I just love how Google datacenters are somehow "the real world". Nice, cool and controlled temperatures, batch ordering from vendors knowing they are shipping to Google, stable/repeatable environments, not much mention about the I/O load, etc.
And then there's
> Ignore Uncorrectable Bit Error Rate (UBER) specs. A meaningless number.
...
> Bad news: SSDs fail at a lower rate than disks, but UBER rate is higher
meaningless, it is.
The real world has wild temperature ranges, wilder temperature _changes_, mechanical variations well above and beyond datacenter use, and possibly wil wild loads (e.g. viruses, antiviruses, all sorts of updates, etc. etc.).
>I just love how Google datacenters are somehow "the real world"
They totally are though, especially to the HN crowd where a lot of us may be putting hardware in data centers.
I agree that this isn't going to give us a clear picture of what to expect out of an SSD in say, a netbook or something. On the other hand, data from a million SSD's reported by one company in a controlled environment is a hell of a control group if you want to go test factors like temperature, etc.
* Increased in dns request failures(likely due to said heat) and bad routing cause internal iGoogle services to request this guy's stuff: https://www.youtube.com/watch?v=aT7mnSstKGs
Thanks to some utterly awful cooling my laptop CPU idles at about 70c, peaking in the 80s. I don't know if it's within spec for an i7 or just dumb luck but its still running just fine.
I did find that <takes a drink> later in his talk he kept <takes a drink> taking a drink every 10 seconds or so <takes a drink>, which ended up being more than a <takes a drink> little <takes a drink> irritating to watch and listen <takes a drink> to.
> I just love how Google datacenters are somehow "the real world". ... It is easier to do stats this way, though.
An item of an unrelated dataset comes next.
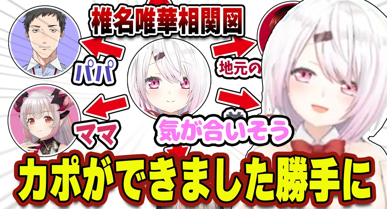 カプ厨椎名さんの新カポ考察<br><br><a href="#" class="seekTime" data-seekTime="1:54" onclick="seekNicoPlayer('#1:54'); return false;">#1:54</a> おまけ<br><br>パトラが社に言及してるシーンないかなと探したら、社サポートセンターについて語ってる<br>配信がパトラとでびるのコラボであったので、おまけとして追加しました<br>その際編集ミスで <a href="#" class="seekTime" data-seekTime="0:48" onclick="seekNicoPlayer('#0:48'); return false;">#0:48</a> で麻雀の部分の切り抜きが消えたせいで20秒くらいコメントがずれてます(時間オーバーにより再編集不可)<br><br>↓Youtubeの方には残ってます<br><a href="https://youtu.be/apOBoGyXUvA" target="_blank" rel="noopener nofollow">https://youtu.be/apOBoGyXUvA</a><br><br><br>▼元動画はこちら↓<br>【雑談】しいなさんの相関図作り!【椎名唯華/にじさんじ】<br><a href="https://www.youtube.com/watch?v=2HtNzEXowVo" target="_blank" rel="noopener nofollow">https://www.youtube.com/watch?v=2HtNzEXowVo</a><br>【雀魂 にじさんじ花鳥風月戦】歪んだ家族チームと卓を囲みます【にじさんじ/社築】<br><a href="https://www.youtube.com/watch?v=WcANAOG76lE" target="_blank" rel="noopener nofollow">https://www.youtube.com/watch?v=WcANAOG76lE</a><br>【#でびパト】でびちゃんに強引に迫って質問攻めにしちゃう❤【周防パトラ / でびでび・でびる】<br><a href="https://www.youtube.com/watch?v=QgOJNQaf0f0" target="_blank" rel="noopener nofollow">https://www.youtube.com/watch?v=QgOJNQaf0f0</a><br><br>▼登場ライバー達<br>〇椎名唯華 / Shiina Yuika<br><a href="https://www.youtube.com/channel/UC_4tXjqecqox5Uc05ncxpxg" target="_blank" rel="noopener nofollow">https://www.youtube.com/channel/UC_4tXjqecqox5Uc05ncxpxg</a><br>〇周防パトラ<br><a href="https://www.youtube.com/@Patra_Suou" target="_blank" rel="noopener nofollow">https://www.youtube.com/@Patra_Suou</a><br>〇社築<br><a href="https://www.youtube.com/@YashiroKizuku" target="_blank" rel="noopener nofollow">https://www.youtube.com/@YashiroKizuku</a><br><br><br><br><a target="_blank" href="https://qa.nicovideo.jp/faq/show/19424?site_domain=default" style="font-size: 13px;color: #657586; text-decoration: underline; line-height: 1.4">この動画は投稿者によって修正されました</a>

From the paper's abstract (you did read the abstract, right?) :
"... While there is a large body of work based on experiments with individual flash chips in a controlled lab environment under synthetic workloads, there is a dearth of information on their behavior in the field. This paper provides a large-scale field study covering many millions of drive days, ten different drive models, different flash technologies (MLC, eMLC, SLC) over 6 years of production use in Google’s data centers. We study a wide range of reliability characteristics and come to a number of unexpected conclusions. For example, raw bit error rates (RBER) grow at a much slower rate with wear-out than the exponential rate commonly assumed and, more importantly, they are not predictive of uncorrectable errors or other error modes. The widely used metric UBER (uncorrectable bit error rate) is not a meaningful metric, since we see no correlation between the number of reads and the number of uncorrectable errors. We see no evidence that higher-end SLC drives are more reliable than MLC drives within typical drive lifetimes. Comparing with traditional hard disk drives, flash drives have a significantly lower replacement rate in the field, however, they have a higher rate of uncorrectable errors." [0][1]
I guess it's easier to draw incorrect, snarky conclusions based on inaccurate summaries of papers than it is to take a moment to read a paper's abstract to double-check the work of a tech journalist. shrug :(
Largest single users of drives, sure. When they have tens of millions of them, I'd trust their reliability studies a lot more than Aunt Mike who has maybe two or three.
Google's data centers are definitely not cool (in the temperature sense). That was one of the big reveals about the original disk paper since Google runs things hotter, the drives experienced a much hotter environment but their bit error rates were not hugely affected.
>The real world has wild temperature ranges, wilder temperature _changes_, mechanical variations well above and beyond datacenter use, and possibly wil wild loads (e.g. viruses, antiviruses, all sorts of updates, etc. etc.).
I'm not sure what you consider "the real world" (SSDs in ToughBooks for research expeditions in the Amazon?), but seeing that HN is a startup/pro IT social site, most of us are interested to be running them in data centers...
I see your points but the reality is there is no real data on how an SSD acts and fails outside of torture tests from the manufacturer or review sites.
Data centre data is still good data to help us better understand SSD lifetime and failures.
I think it's very informative, and over time we'll see if this is representative of the normal world. Maybe temperature changes are not that important, maybe they are.
At the same time, they have Chrome OS. Most of those laptops have an SSD. All are connected to the cloud. How do they perform? When they have a problem, is it recorded by Google? I'm not 100% clear if I would want that, but it doesn't seem such a bad idea for a computer that is already 100% in the cloud.
The Chrome OS number would be less useful. A hard drive failure that totally destroys the ability to report the result back to Google is indistinguishable from a device that simply never turned on again, which over the course of years, I'd expect to dominate major drive failures.
In terms of the things that are going to make SSDs — or pretty much any other piece of hardware you can imagine — fall over, Google's environment is realer than anything you could possibly conceive.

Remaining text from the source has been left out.